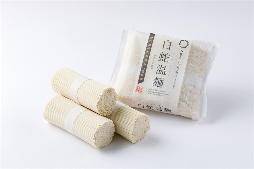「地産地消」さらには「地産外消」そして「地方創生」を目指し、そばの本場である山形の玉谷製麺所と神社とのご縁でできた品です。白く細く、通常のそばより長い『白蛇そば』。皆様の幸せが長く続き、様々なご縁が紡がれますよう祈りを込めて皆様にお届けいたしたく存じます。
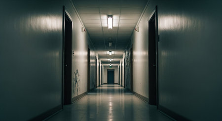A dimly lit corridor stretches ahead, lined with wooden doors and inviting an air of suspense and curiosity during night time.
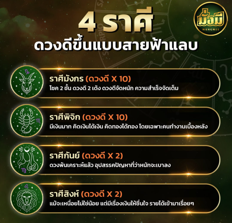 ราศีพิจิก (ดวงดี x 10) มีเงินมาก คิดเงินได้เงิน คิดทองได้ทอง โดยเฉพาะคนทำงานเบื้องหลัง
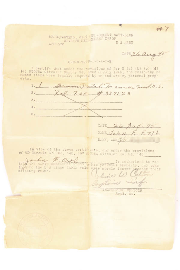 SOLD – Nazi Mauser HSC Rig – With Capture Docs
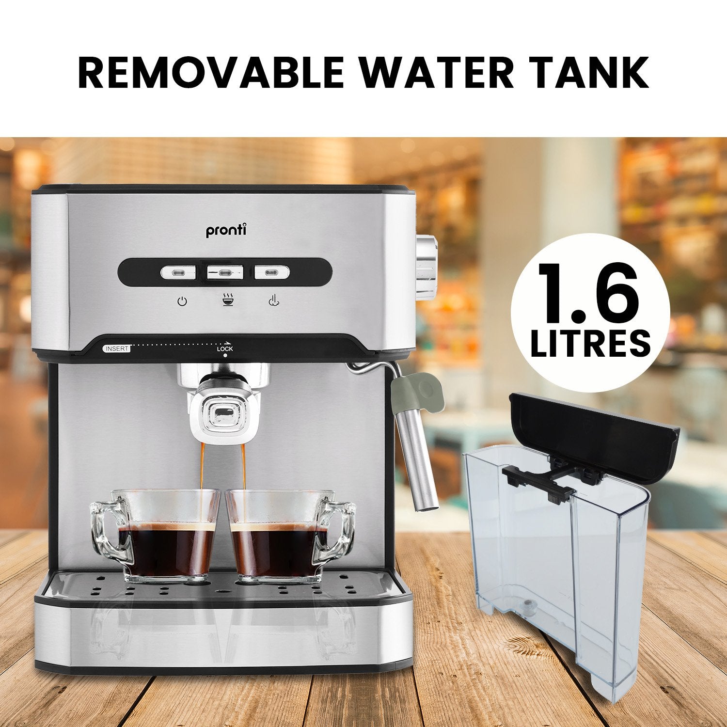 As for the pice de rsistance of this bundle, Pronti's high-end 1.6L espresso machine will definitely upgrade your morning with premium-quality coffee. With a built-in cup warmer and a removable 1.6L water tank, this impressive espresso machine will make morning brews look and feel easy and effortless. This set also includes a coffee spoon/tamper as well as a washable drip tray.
--------------------------------------------------
What you need to do —
Set down all entries above again, exactly, without images.

Exercise solution —
「地産地消」さらには「地産外消」そして「地方創生」を目指し、そばの本場である山形の玉谷製麺所と神社とのご縁でできた品です。白く細く、通常のそばより長い『白蛇そば』。皆様の幸せが長く続き、様々なご縁が紡がれますよう祈りを込めて皆様にお届けいたしたく存じます。
A dimly lit corridor stretches ahead, lined with wooden doors and inviting an air of suspense and curiosity during night time.
 ราศีพิจิก (ดวงดี x 10) มีเงินมาก คิดเงินได้เงิน คิดทองได้ทอง โดยเฉพาะคนทำงานเบื้องหลัง
 SOLD – Nazi Mauser HSC Rig – With Capture Docs
 As for the pice de rsistance of this bundle, Pronti's high-end 1.6L espresso machine will definitely upgrade your morning with premium-quality coffee. With a built-in cup warmer and a removable 1.6L water tank, this impressive espresso machine will make morning brews look and feel easy and effortless. This set also includes a coffee spoon/tamper as well as a washable drip tray.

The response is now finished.